Außerdem soll der Mann Kinder regelmäßig für bestimmte Positionen gelobt, sie an den Beinen, Zehen oder an der Brust gestreichelt und dabei als „braves Hündchen“ bezeichnet haben.

Die Stadt, für die der Pädagoge arbeitet, reagierte und informierte die Kinder- und Jugendhilfe. Auch die Staatsanwaltschaft St. Pölten befasste sich mit der Causa, sah aber von einem Ermittlungsverfahren ab. Seitens der Bildungsdirektion NÖ hieß es, dass der Mann an den Schulen nicht mehr zum Einsatz kommen werde.

Vorwürfe stammen nur von einer Familie.

Die Aufregung war also groß, doch in den vergangenen Tagen haben sich zahlreiche Eltern beim KURIER gemeldet.
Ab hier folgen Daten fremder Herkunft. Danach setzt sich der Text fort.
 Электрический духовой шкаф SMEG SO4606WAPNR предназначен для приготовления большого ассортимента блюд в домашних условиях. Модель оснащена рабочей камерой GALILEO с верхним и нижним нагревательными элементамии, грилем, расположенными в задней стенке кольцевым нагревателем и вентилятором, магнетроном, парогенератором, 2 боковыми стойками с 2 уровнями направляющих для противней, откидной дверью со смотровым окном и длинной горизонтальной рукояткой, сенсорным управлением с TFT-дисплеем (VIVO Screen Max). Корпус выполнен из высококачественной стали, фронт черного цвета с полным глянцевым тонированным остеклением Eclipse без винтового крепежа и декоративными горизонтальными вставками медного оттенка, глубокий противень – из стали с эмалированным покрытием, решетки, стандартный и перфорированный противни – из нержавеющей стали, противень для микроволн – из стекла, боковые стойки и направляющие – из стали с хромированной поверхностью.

Sie zeichnen nun jedoch ein völlig anderes Bild der angeblichen Vorgänge, die sich in der Einrichtung zugetragen haben sollen. Grundtenor: Die Kinder hätten aus eigenem Antrieb „Hundespiele“ durchgeführt. Die besagten Vorwürfe würden zudem nur von einer Familie stammen.
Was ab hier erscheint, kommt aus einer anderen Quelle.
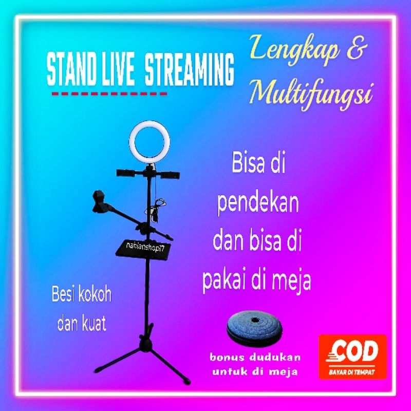 PAKET TRIPOD LIVE STREAMING STAND AUDIO HOLDER 2HP RING LIGHT HOLDER PANJANG STAND RINGLIHT CAMERA LED
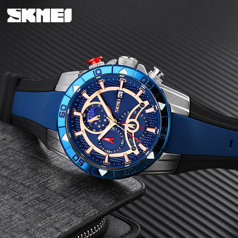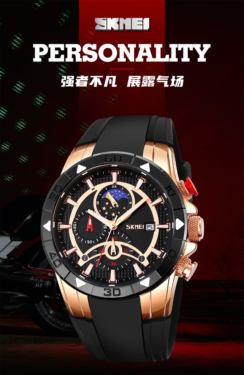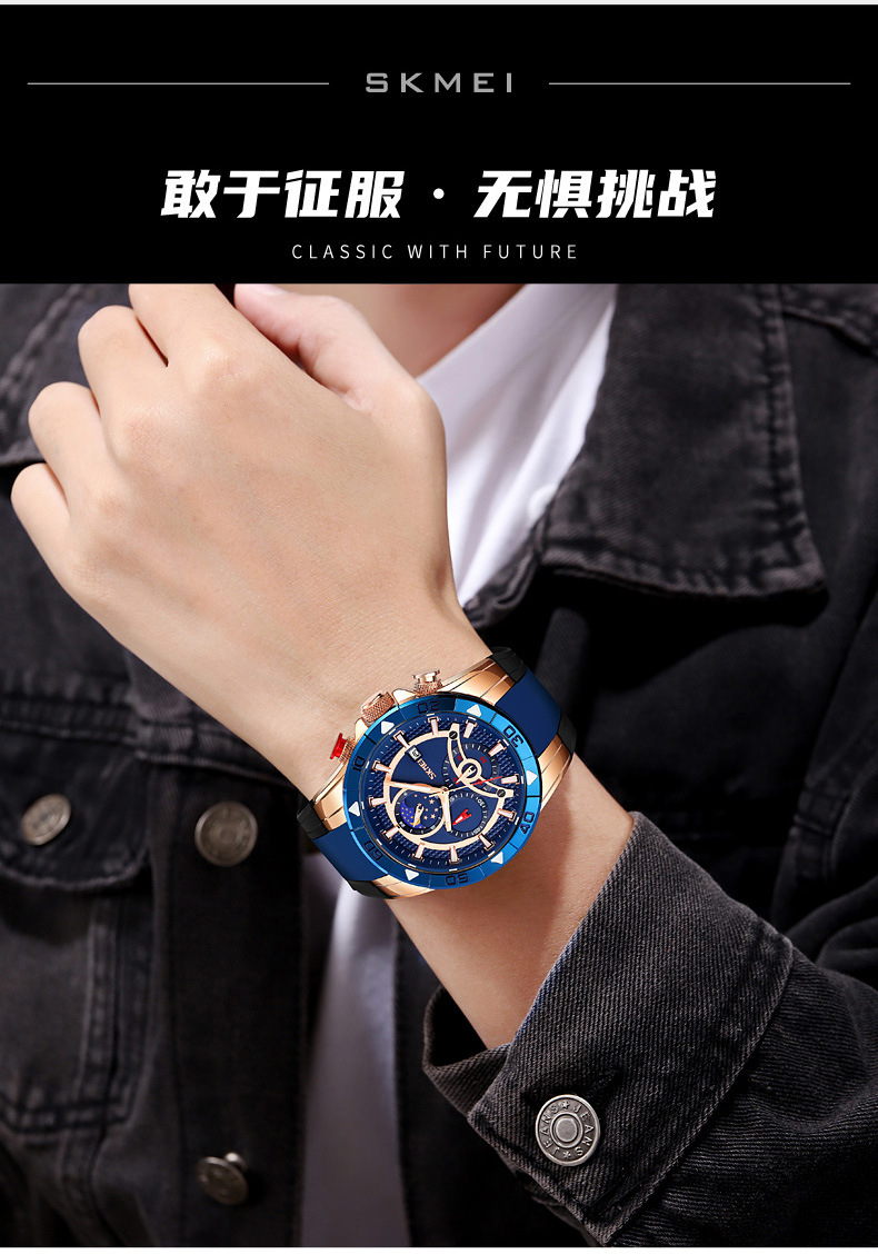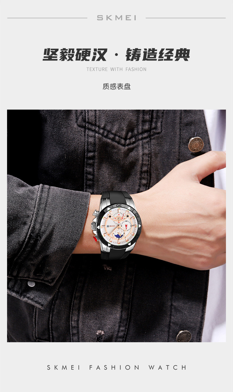 时刻美硅胶带石英表日常防水男士计时手表三眼六针月相日期男腕表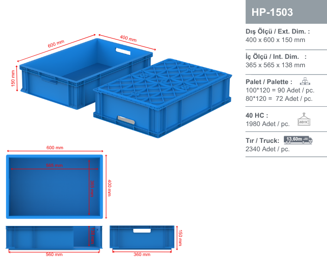 Offering high durability in logistics, production, and storage areas, the 400x600 mm plastic enclosed crate protects its contents against external factors thanks to its enclosed handle. Its ribbed base provides strength for heavy loads and its stackable structure saves space.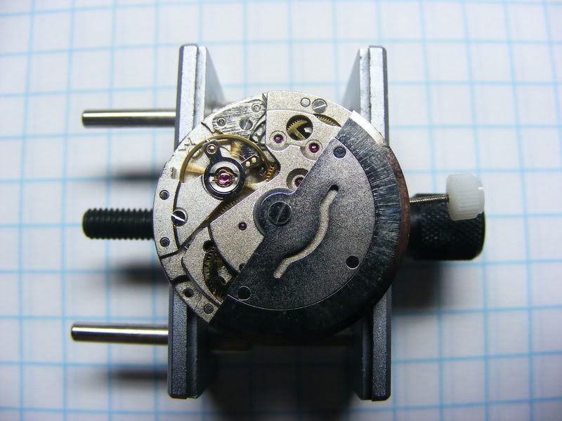 Overigens zijn er ook uurwerken waar je niet op een punt moet drukken, maar een schroefje enkele slagen los moet draaien.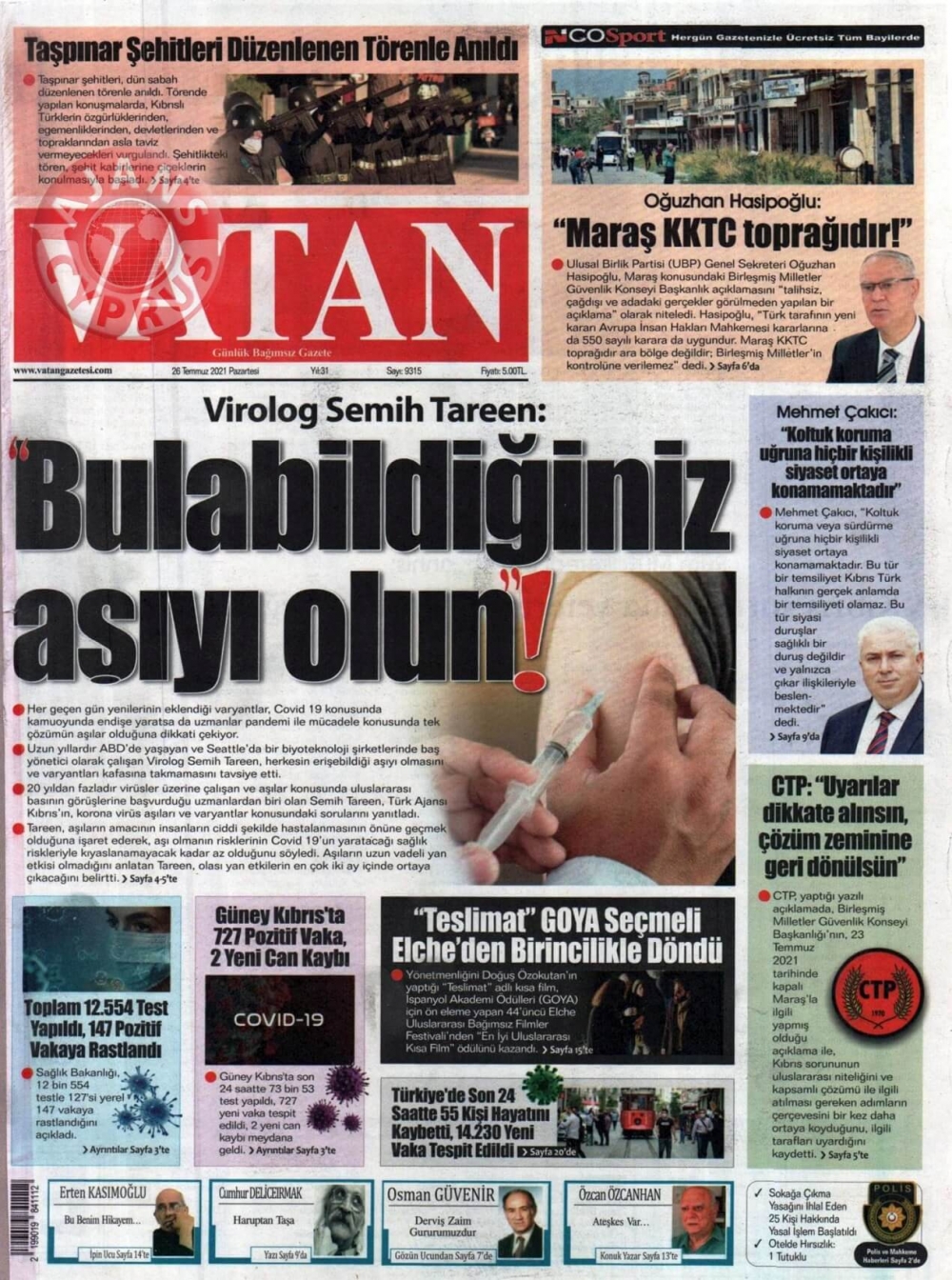 KKTC'de Gazeteler Bugün Ne Manşet Attı? (26 Temmuz 2021)

„Meine Tochter hat gesagt, dass die Kinder das miteinander gespielt haben. Der Pädagoge hat gesagt, sie dürften sich nichts um den Hals binden, sondern – wenn überhaupt – nur um den Bauch. Sie hat nie gesehen, dass der Pädagoge in irgendeiner Weise mitgespielt hätte“, berichtet eine Mutter.
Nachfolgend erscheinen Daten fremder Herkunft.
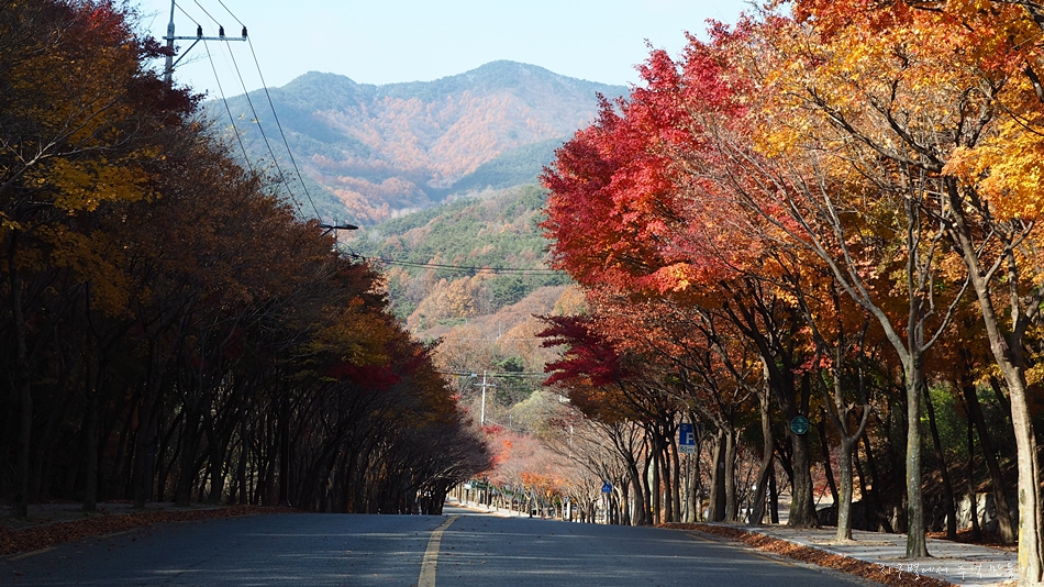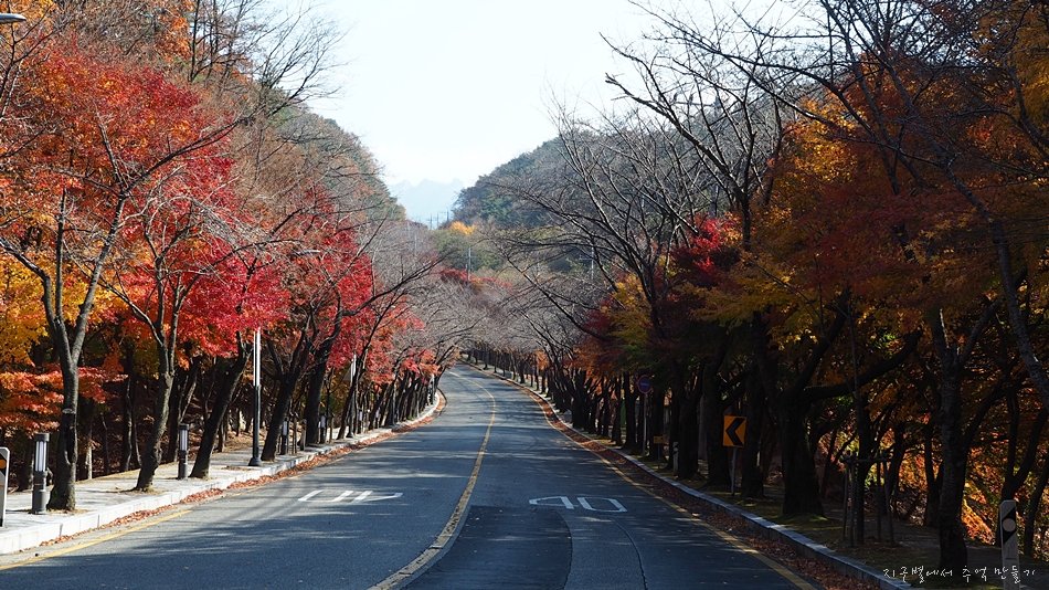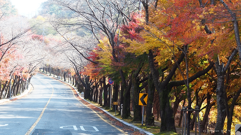 팔공산 송정동에서 동화사로 이어지는 팔공산로 주변에는 단풍나무와 왕벚나무가 2열 종대로 가로수로 꾸며져 있답니다.

„Mein Sohn hat in diese Richtung auch nie etwas erwähnt und geht jetzt schon das dritte Jahr in den Hort. Auf die Nachfrage, ob dort jemand Hund spiele, hat er gemeint: ja, aber der Pädagoge spiele nicht mit. Und er mag den Pädagogen auch sehr gerne“, berichtet ein anderer Elternteil.

„Möchten uns für den Pädagogen einsetzen.“

Betont wird zudem, dass der Pädagoge allgemein sehr gute Arbeit geleistet habe. „Diese Erfahrungsberichte hier in der Gruppe decken sich eins zu eins mit den Erzählungen unseres Sohnes. Wir haben den Pädagogen als sehr vertrauenswürdigen, wertschätzenden und überaus bemühten Pädagogen erlebt, und er ist der Hauptgrund, warum unser Kind gerne in den Hort geht.“ Und weiter: „Uns ist wichtig zu betonen, dass wir den Pädagogen als verantwortungsbewusst erleben und wir uns daher auch gerne für ihn einsetzen möchten.“

Wie es in dem Fall nun weitergeht, ist noch nicht ganz klar. Dem Vernehmen nach dürfte sich der Pädagoge nun rechtlichen Beistand nehmen, um die Vorwürfe ein für alle Mal aus der Welt zu schaffen.